Contents of File system consistency

File system consistency

One of the more complicated issues in building a distributed file system of any kind is maintaining consistent file system state in the presence of concurrent operations, especially ones that modify the directory hierarchy.

Traditionally distributed file systems provide a locking infrastructure that is used to guarantee that clients can perform certain operations atomically, such as creating or removing files. Unfortunately these locking systems tend to add additional latency to the system and are often extremely complicated due to optimizations and the need to cleanly handle faults.

We have seen no evidence either from the parallel I/O community or the distributed shared memory community that these locking systems will work well at the scales of clusters that we are seeing deployed now, and we are not in the business of pushing the envelope on locking algorithms and implementations, so we're not using a locking subsystem.
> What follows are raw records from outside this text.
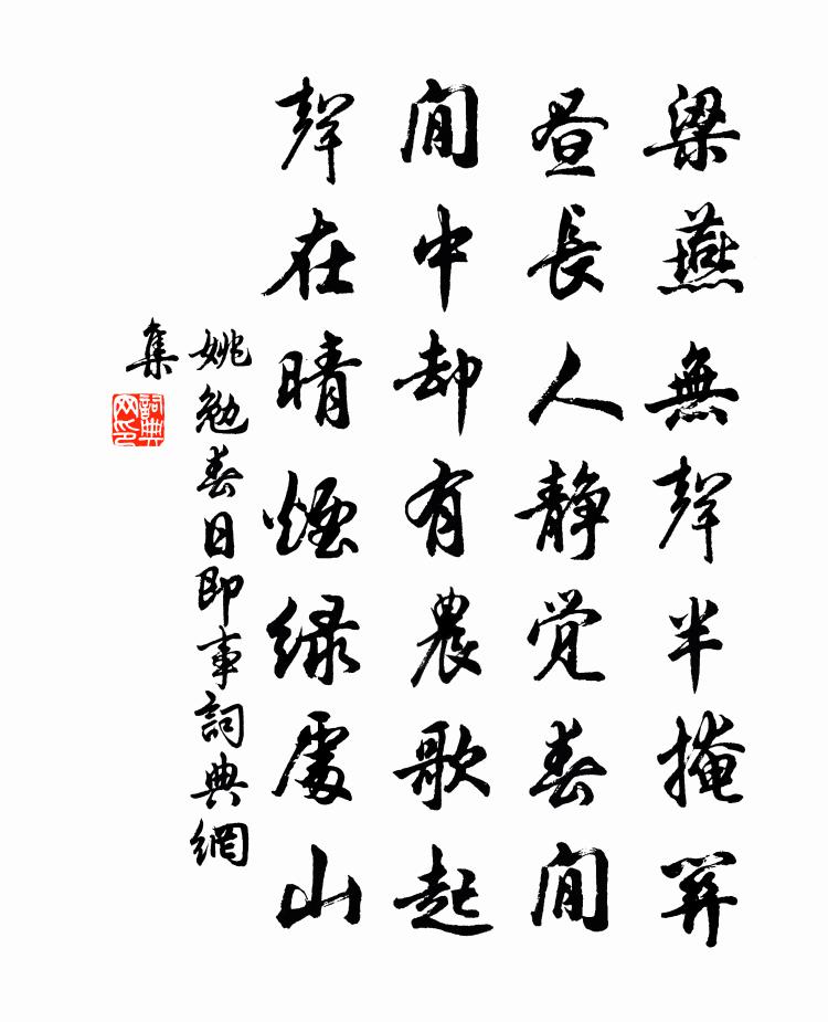 詩詞名句歷史字典書法欣賞書法字典國語詞典說文解字康熙字典古漢語字典標 題 作 者 詩 句 春日即事作者:姚勉 朝代:宋代春日即事原文梁燕無聲半掩關,晝長人靜覺春閒。閒中卻有農歌起,聲在晴煙綠處山。詩詞問答問:春日即事的作者是誰?答:姚勉問:春日即事寫於哪個朝代?答:宋代姚勉春日即事書法欣賞春日即事書法作品詩詞推薦御風橋郭印〔宋代〕修證彼何人,有國號眾香。此境了不殊,沉檀藹飛揚。泛舟過金家埂贈賣薪王翁陸游〔宋代〕軟炊豆飯可支日,厚絮布襦聊過冬。閭巷家家歌聖澤,子孫世世業春農。石樑和韻王學可〔宋代〕天巧何年路,千峰亂入雲。瀑飛雙澗合,崖斷一橋分。樹色春猶凍,猿聲夜或聞。靈蹤如可見,煮茗共爐熏。少年游陳師道〔宋代〕御園果子壓枝繁。看看分摘無緣。團沙弄雪,勞心費手,不肯暫時圓。賽神舊願心兒有,終了待、幾時還。芍藥梢題金陵雜興詩後十八首李璉〔宋代〕長乾小婦學 * ,樓外閒風弄翠條。近得廣陵訊息未,暮潮已過赤欄橋。偈頌十二首釋道璨〔宋代〕天下老隱山,醜怪百千狀。不依本分說禪,一向橫拈豎放。有時放夜市於蟭螟眼中,有時駕鐵船於須彌頂上。有時木蘭花慢·可憐今夕月辛棄疾〔宋代〕中秋飲酒將旦,客謂前人詩詞有賦待月無送月者,因用《天問》體賦。可憐今夕月,向何處,去悠悠?是別有人間伏日張鎡〔宋代〕未曉雨先驟,過朝風更鮮。誰知初伏日,全是早秋天。洗盞嘗新酒,臨池摘嫩蓮。平生丘壑意,不受暑寒遷。夏夜司馬光〔宋代〕溽暑郁不聞,矗矗雲萬疊。長風捲地來,凍雨不濡葉。雖無潤物功,涼冷得所愜。須臾號怒息,清月照壁頰。小冠【雙調】折桂令_浪花中一葉佚名〔元代〕浪花中一葉扁舟,揀溪山好處追游。遣興忘懷,醉鄉中間甚春秋。學洗耳溪邊許由,笑胡蝶夢裡莊周。茅舍清幽,除日出江上迓趙憲王炎〔宋代〕江風獵獵吹客衣,水生鱗甲舟行遲。今年江上春信早,剩有梅花開北枝。問之今日是何日,三百六旬當歲除。翩翩秋望二首劉克莊〔宋代〕舍南舍北種芙蓉,及到秋來次第紅。自是詩人才思窘,清風明月有何窮。送竇員外失職掌廩於沙苑牧監宋庠〔宋代〕平台飛雪欲成花,有客西征感鬢華。內史江蒪空入夢,下邽羅雀此還家。鴻聲不斷關雲黑。角弄初休隴月斜。送龍辭三章陳造〔宋代〕旱氛兮炎浮,地毛焦兮金石為流,龍不來兮殷憂。心憛悇兮孰謀,戴儂目兮傒龍之游。龍翩然兮副求,呵蟄雷兮鞭紫溪莊舍讀癸丑壁間舊題轉眼忽十八年同游十劉學箕〔宋代〕屈指友於,祗今存幾。自仲之去,失此奇偉。言不騰情,心旌憤悱。哀哉蒼天,雨淚如洗。送程公明李新〔宋代〕玉鐙驚驦趁早朝,天香成陣暗蟬貂。平雲無復偷閒到,溪闊煙深鎖市橋。別朱冷官宋伯仁〔宋代〕客中奔走易蹉跎,學館痴留月又過。橙蟹醉斟知已重,蓴鱸鄉話憶人多。吳陵今夜三更多,霅水明朝一棹歌,船在慈恩伽藍清會韋應物〔唐代〕素友俱薄世,屢招清景賞。鳴鐘悟音聞,宿昔心已往。重門相洞達,高宇亦遐朗。嵐嶺曉城分,清陰夏條長。氳氛雜興十二首方回〔宋代〕請託或有求,攀附謂可羨。不羨復不求,貴公何必見。恥折元亮腰,免向宣明面。江淹所賦恨,未必識馮衍。甘作送鄭寂上人南行許渾〔唐代〕儒家有釋子,年少學支公。心出是非外,跡辭榮辱中。錫寒秦嶺月,杯急楚江風。離怨故園裡,小秋梨葉紅。名句推薦河邊獨自看星宿,夜織天絲難接續。王建《七夕曲》 漁父天寒網罟凍,莫徭射雁鳴桑弓。杜甫《歲晏行》 獨倚闌乾凝望遠。一川菸草平如剪。謝逸《蝶戀花·豆蔻梢頭春色淺》 又是羊車過也,月明花落黃昏黃升《清平樂·宮怨》 竹籬茅舍,淡煙衰草孤村。白樸《天淨沙·冬》 冬宜密雪,有碎玉聲。王禹偁《黃岡竹樓記》 燕歸花謝,早因循、又過清明。納蘭性德《紅窗月·燕歸花謝》 山從人面起,雲傍馬頭生。李白《送友人入蜀》 知者不博,博者不知。老子《老子·德經·第八十一章》 覆巢毀卵,而鳳皇不翔;刳胎焚夭,而麒麟不至。劉向《戰國策·趙四·秦攻魏取寧邑》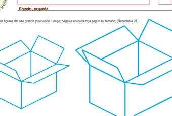 Actividad a realizar: Recorta las figuras del oso grande y pequeño. Luego, pégalos en cada caja según su tamaño.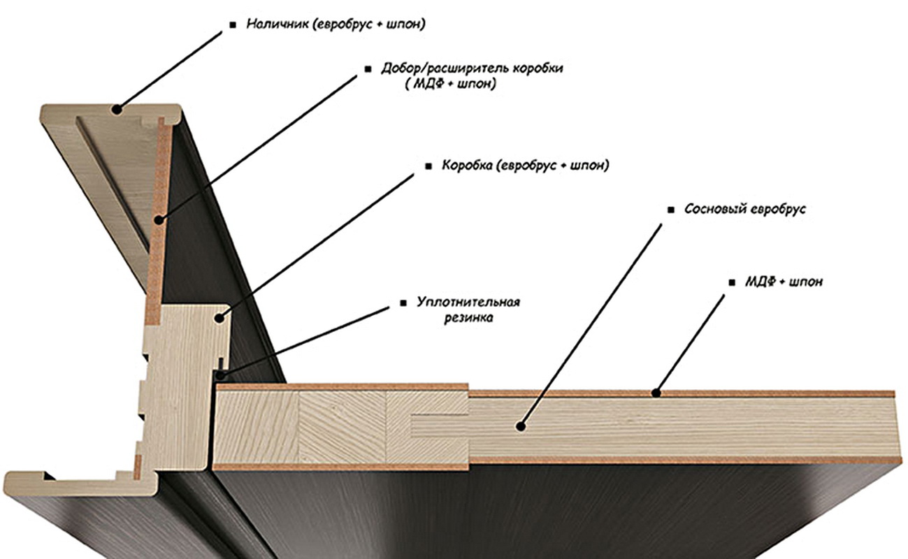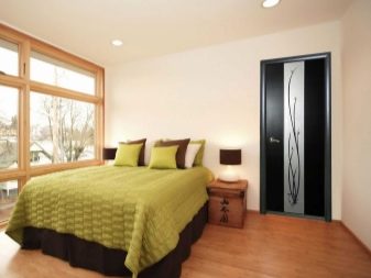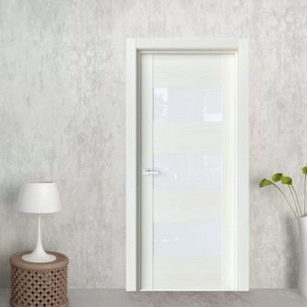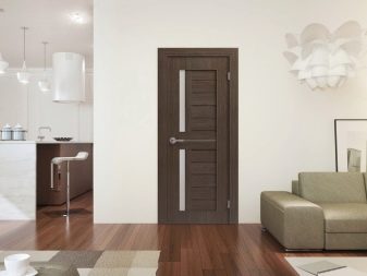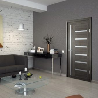 Türen aus einem Öko-Bereich unterscheiden sich in einem Design (taub, mit einem Panel oder Glas), Design und Kosten. Das Gerät von fast jedem solchen Modell sieht so aus: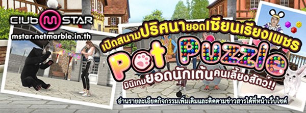 อัพเดทสัตว์เลี้ยงใหม่ให้ทุกท่านได้สะสมกันแล้ว และเพิ่มความสนุกด้วยมินิเกมชิ้นแรก Pet Puzzle สำหรับสัตว์เลี้ยงผู้น่ารักของนักเต้น Mstar ทุกคนเข้าไปฝึกฝนสัตว์เลี้ยงของคุณกันได้เลย สำหรับเกม Mstar กับระบบสัตว์เลี้ยงยังมีมินิเกมให้สนุกกันอีกมากมาย แล้วพบมินิเกมใหม่ได้ในการอัพเดทครั้งต่อๆไป

Instead we force all operations that modify the file system hierarchy to be performed in a manner that results in an atomic change to the file system view. Clients perform sequences of steps (called server requests) that result in what we tend to think of as atomic operations at the file system level. An example might help clarify this. Here are the steps necessary to create a new file in PVFS2:

create a directory entry for the new file
create a metadata object for the new file
point the directory entry to the metadata object
create a set of data objects to hold data for the new file
point the metadata at the data objects

Performing those steps in that particular order results in file system states where a directory entry exists for a file that is not really ready to be accessed. If we carefully order the operations:

create the data objects to hold data for the new file
create a metadata object for the new file
point the metadata at the data objects
create a directory entry for the new file pointing to the metadata object

we create a sequence of states that always leave the file system directory hierarchy in a consistent state. The file is either there (and ready to be accessed) or it isn't. All PVFS2 operations are performed in this manner.

This approach brings with it a certain degree of complexity of its own; if that process were to fail somewhere in the middle, or if the directory entry turned out to already exist when we got to the final step, there would be a great deal of cleanup that must occur. This is a problem that can be surmounted, however, and because none of those objects are referenced by anyone else we can clean them up without concern for what other processes might be up to – they never made it into the directory hierarchy.